─── Data to use

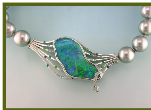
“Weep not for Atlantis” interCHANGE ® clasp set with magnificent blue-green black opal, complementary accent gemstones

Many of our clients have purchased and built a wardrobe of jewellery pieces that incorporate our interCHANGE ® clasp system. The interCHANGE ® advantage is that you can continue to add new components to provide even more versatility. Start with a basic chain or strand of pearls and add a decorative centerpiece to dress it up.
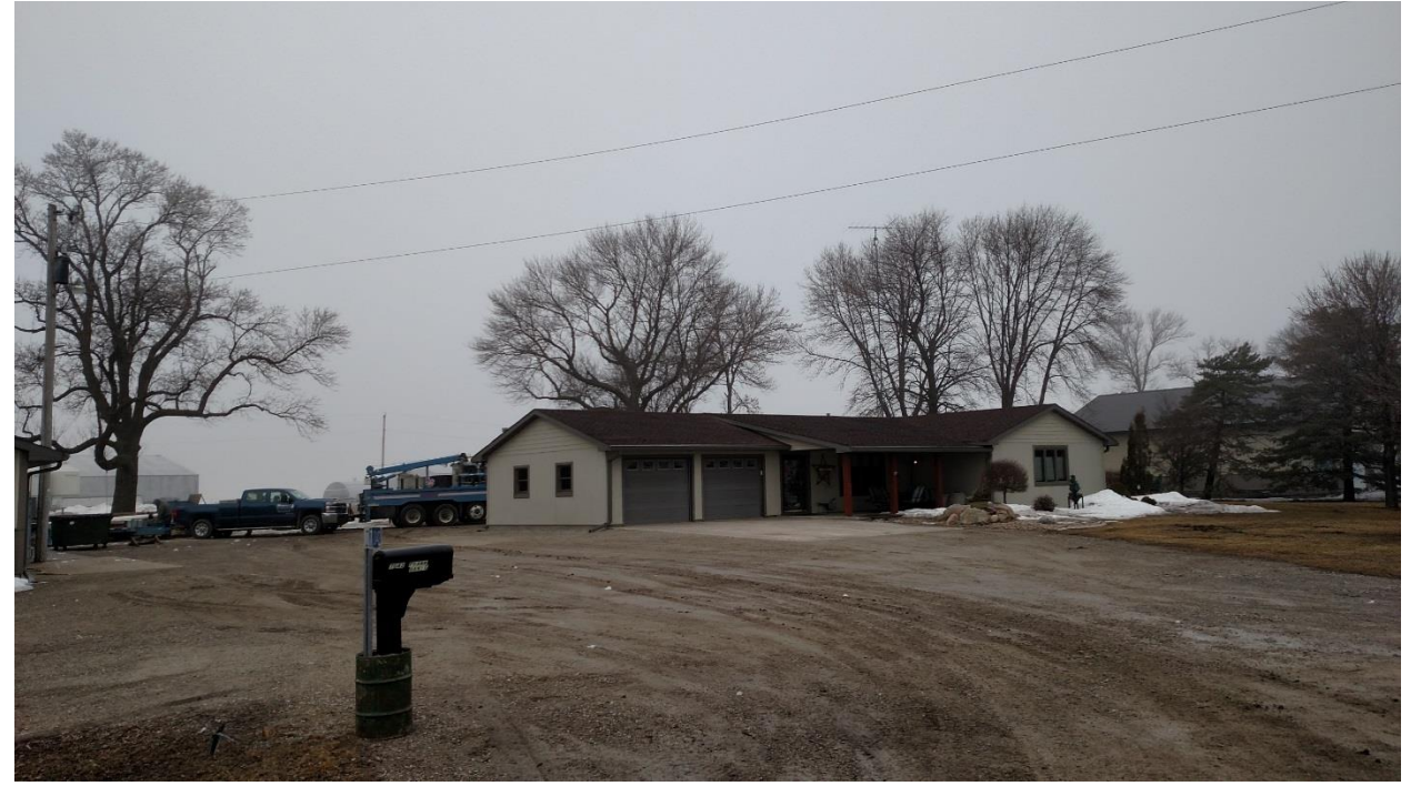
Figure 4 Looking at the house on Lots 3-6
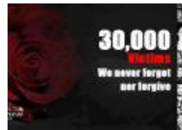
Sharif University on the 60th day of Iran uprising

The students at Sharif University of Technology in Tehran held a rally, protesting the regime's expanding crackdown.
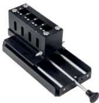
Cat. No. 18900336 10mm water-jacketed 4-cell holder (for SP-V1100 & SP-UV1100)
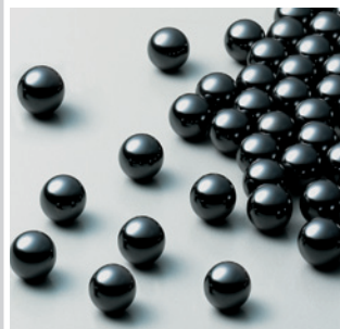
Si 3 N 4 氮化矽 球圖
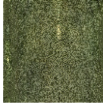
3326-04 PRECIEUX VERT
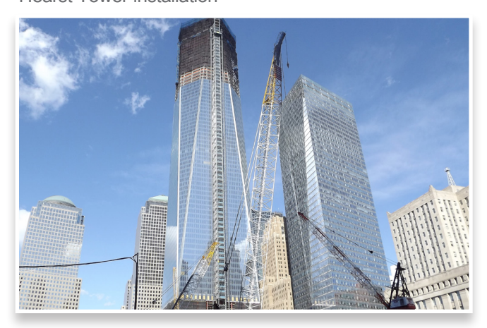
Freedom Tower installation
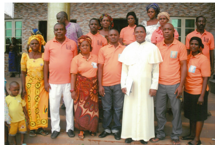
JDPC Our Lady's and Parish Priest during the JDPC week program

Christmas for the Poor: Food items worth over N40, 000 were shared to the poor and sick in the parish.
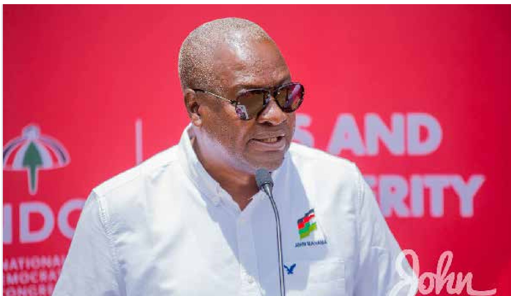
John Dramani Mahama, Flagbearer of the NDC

──────
─── Data to use

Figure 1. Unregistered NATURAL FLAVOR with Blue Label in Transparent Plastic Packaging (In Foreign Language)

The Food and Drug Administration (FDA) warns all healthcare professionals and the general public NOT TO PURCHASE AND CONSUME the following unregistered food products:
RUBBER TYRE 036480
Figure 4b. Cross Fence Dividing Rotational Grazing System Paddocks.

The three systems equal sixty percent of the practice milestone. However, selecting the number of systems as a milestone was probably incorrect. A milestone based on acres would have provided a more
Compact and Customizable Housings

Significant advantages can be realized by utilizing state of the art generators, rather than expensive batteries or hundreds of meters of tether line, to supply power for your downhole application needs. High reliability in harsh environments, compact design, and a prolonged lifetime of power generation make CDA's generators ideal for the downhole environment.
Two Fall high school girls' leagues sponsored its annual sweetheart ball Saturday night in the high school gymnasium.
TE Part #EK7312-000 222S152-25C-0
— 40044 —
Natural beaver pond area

──────

### Problem to solve:
Every line of the records above where the string "Sharif" is found should be copied.

### Response to this task:
Sharif University on the 60th day of Iran uprising
The students at Sharif University of Technology in Tehran held a rally, protesting the regime's expanding crackdown.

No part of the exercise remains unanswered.